«Une ville, un club – ASV Lavaur», Ed. Privat
Décembre 2014
Privat est une vieille et respectable maison d’édition toulousaine. L’un des bijoux de Pierre Fabre qu’il aimait avec tendresse. Ce n’est pas un hasard si elle s’engage dans une belle aventure, raconter le rugby de nos terroirs. Un rugby qui, dans le sud-ouest, n’est pas qu’un sport mais un art de vivre, une camaraderie virile dans la fraternité et l’effort, l’amour du clocher et les embuscades de l’apéro où, comme l’écrit le corrézien Denis Tillinac[1], « on prend une cuite avant de prendre (chez soi) une engueulade ».
Le rugby à Lavaur est centenaire. Il s’est joué partout, au Théron, au Pastellier, bien plus tard au stade municipal, avenue Jacques Besse, puis aux Clauzades où il a enfin, dans une ville qui s’est épanouie, le cadre de sa renommée et de ses mérites. Longue histoire, belle histoire, digne d’une cité millénaire à laquelle Pierre Fabre eut le cœur de donner ce qu’il avait de meilleur : sa fidélité.
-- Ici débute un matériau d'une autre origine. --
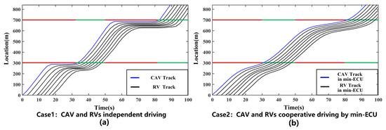Considering the impact of different proportions between FV and EV within a min-ECU, time–space diagrams under three kinds of proportions, including 1:1, pure FV and pure EV, are shown in Figure 9. On the one hand, as is shown in Figure 9b, when EVs reach the intersection under the best ecological speed profile, there will be a deceleration, and subsequently the velocity will be increased to the best ecological velocity until the EVs pass the signalized intersection. The operational strategy of EVs depends on the kinetic energy recovery while baking. Thus, to some extent, the behavior of braking aims to ensure the ecological property. On the other hand, in Figure 9c, which relates to a pure FV min-ECU, fuel consumption is closely related to acceleration and deceleration, thus the vehicles traverse the successive intersections with a constant velocity taking advantage of the green wave band to decrease energy consumption.

De l’innombrable foule de ses joueurs, de ses entraîneurs et dirigeants, de ses bénévoles, de ses partenaires économiques et de ses spectateurs, surgissent les noms d’hommes qui ne trichent pas avec l’essentiel, les valeurs, qui ne font pas semblant : le rugby, ce n’est pas du cinéma.
Ce livre est, dans le fond, un hommage au bonheur. Le bonheur quand on gagne un titre de champion de France ou des Pyrénées, et qui se fête dans la fontaine des Trois-Grâces. Le bonheur de former des gamins qui n’oublieront pas que la jeunesse dure bien plus longtemps qu’on ne le croit. Le bonheur des repas d’avant-match où l’on se dit que « tout va se jouer » cet après-midi là, alors qu’en réalité rien n’est jamais gagné ni perdu, et qu’il faudra, le dimanche prochain, « remettre ça ! ». Bonheur des mères quand le fiston revient, genoux en sang et pommettes frottées, le maillot qui part illico au lavage, mais la tête haute en racontant avec quelques exagérations le « match de sa vie ». Et puis les grands-pères ! Ce ne sont pas les derniers dans les tribunes à commenter bruyamment l’action des « petits », qui ont dorénavant, trois têtes de plus qu’eux et des épaules de déménageurs.
Ce qu’il y a de beau dans le rugby de nos terroirs, c’est que les meilleurs ressemblent aux plus modestes. Et inversement. A la buvette, on se toise et on se respecte, on s’engueule en haussant les épaules et à la fin, en riant, avec une grande claque dans le dos, on prend un verre – dans un gobelet en plastique – puis les autres, « entre amis, et pas plus haut que le bord, hein ? ».
Bien sûr, le rugby a du céder aux modes du temps, l’argent, la pub, les pom-pom girls. Moins quand même chez nous qu’ailleurs : parce que dans les petites cités de terroir, on aime les traditions quand elles rassemblent dans le plaisir et la simplicité. C’est cela le bonheur à la française, celui qui donne la fierté d’être de quelque part, avec les copains que l’on n’oublie pas, surtout quand ils sont partis trop tôt.
[1] Petit dictionnaire amoureux de la France, Pocket, 2014.